The Utrecht Summer School, founded in 1987 by Utrecht University, is the largest academic summer programme in the Netherlands and belongs to the biggest summer schools in Europe. Students from all over the world participate in one of the 170 courses offered. Utrecht Summer School is a cooperation between Utrecht University, Utrecht University of Applied Sciences and the Utrecht School of the Arts. In 2021, Utrecht Summer School celebrated its 35th anniversary. More than 4000 students take part in a summer program per year, making it the largest known summer school in Europe.

History 
The summer school started in 1987 with one course: Dutch Culture and Society, still one of the most popular courses. In the last two decades, the programme developed into a broad selection of courses in virtually all disciplines Utrecht University is offering. There are summer courses organised on location and/or online.

Disciplines 
The courses are divided in seven categories:
 Culture, e.g. Dutch Culture and Society, European Culture
 Art & Music, e.g. Highlights of European Art History, Dutch Golden Age
 Language, e.g. Dutch, English, Chinese Language, Psycholinguistics
 Social Sciences, e.g. Conflict Studies, Migration, Statistics, Data Science
 Business, e.g. Doing Business in Europe, Project Management
 Science, e.g.

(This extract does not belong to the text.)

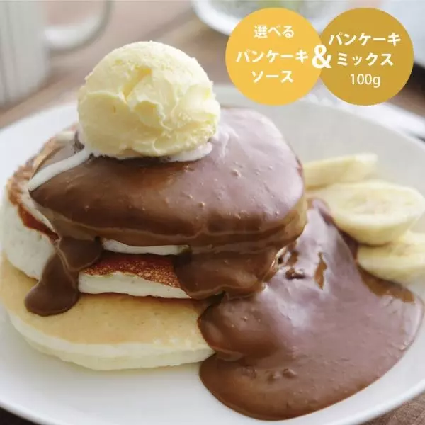 話題の「背徳グルメ」をおうちで!温めるだけのレトルトパウチ入りソースと、牛乳と混ぜて焼くだけのパンケーキミックスのセットで、休日もおうちで手軽にカフェ気分が味わえます。

Mathematics, Programming
 Life Sciences, e.g. Food safety, Biomedical Research, Pharmacoepidemiology
 Law & Economics, e.g. Financial Law, EU Law, Human Rights Law
 Healthcare, e.g. Physiotherapy, Nursing, Clinical Research

Accommodation 
Because accommodation is not easy to find in Utrecht, the summer school offers all participants temporary housing. The accommodations are located throughout the city, within easily accessible distances from various educational institutions.

Social programme 

Utrecht Summer School offers a social programme for all participants. The programme contains city trips through the Netherlands (for example, The Hague), night canoeing through the canals of downtown Utrecht, a weekly social gathering, a pub quiz, (guided) trips to famous museums and an excursion to the Dutch dikes. And, every course starts with a city tour – including a climb up the Dom tower - to introduce students to Utrecht.

References

External links 
 Official website Utrecht Summer School

Summer schools
1987 establishments in the Netherlands
Education in Utrecht (city)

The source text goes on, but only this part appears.